▶ **Required action**
Without changing a thing, reproduce the entire listing and leave out its pictures.

▶ **Provided material**
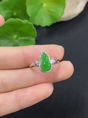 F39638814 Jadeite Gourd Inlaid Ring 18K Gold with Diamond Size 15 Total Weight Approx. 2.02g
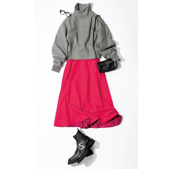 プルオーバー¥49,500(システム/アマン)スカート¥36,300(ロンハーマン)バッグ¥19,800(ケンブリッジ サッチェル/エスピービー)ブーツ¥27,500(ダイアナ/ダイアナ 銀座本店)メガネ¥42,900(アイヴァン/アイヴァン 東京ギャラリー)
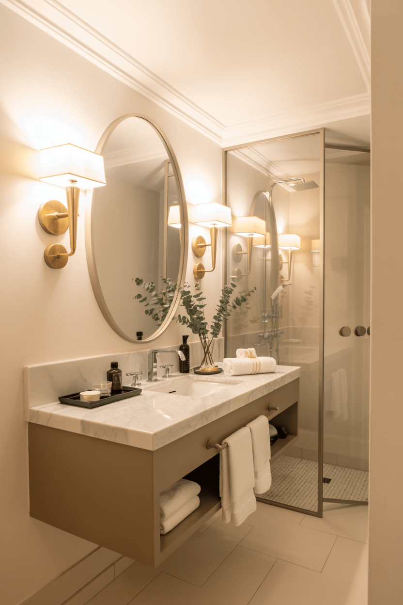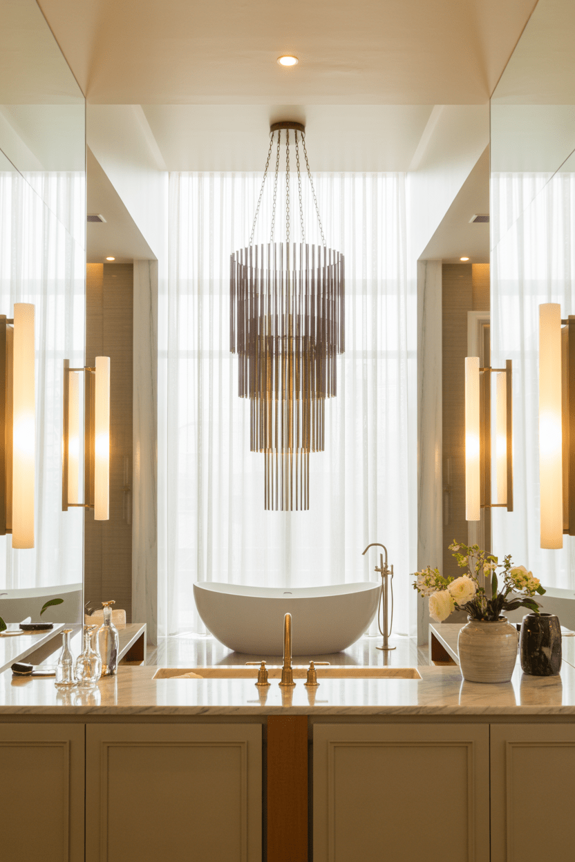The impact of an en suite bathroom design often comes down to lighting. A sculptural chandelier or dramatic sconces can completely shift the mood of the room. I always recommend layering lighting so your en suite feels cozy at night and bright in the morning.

▶ **Exercise output**
 F39638814 Jadeite Gourd Inlaid Ring 18K Gold with Diamond Size 15 Total Weight Approx. 2.02g
 プルオーバー¥49,500(システム/アマン)スカート¥36,300(ロンハーマン)バッグ¥19,800(ケンブリッジ サッチェル/エスピービー)ブーツ¥27,500(ダイアナ/ダイアナ 銀座本店)メガネ¥42,900(アイヴァン/アイヴァン 東京ギャラリー)
The impact of an en suite bathroom design often comes down to lighting. A sculptural chandelier or dramatic sconces can completely shift the mood of the room. I always recommend layering lighting so your en suite feels cozy at night and bright in the morning.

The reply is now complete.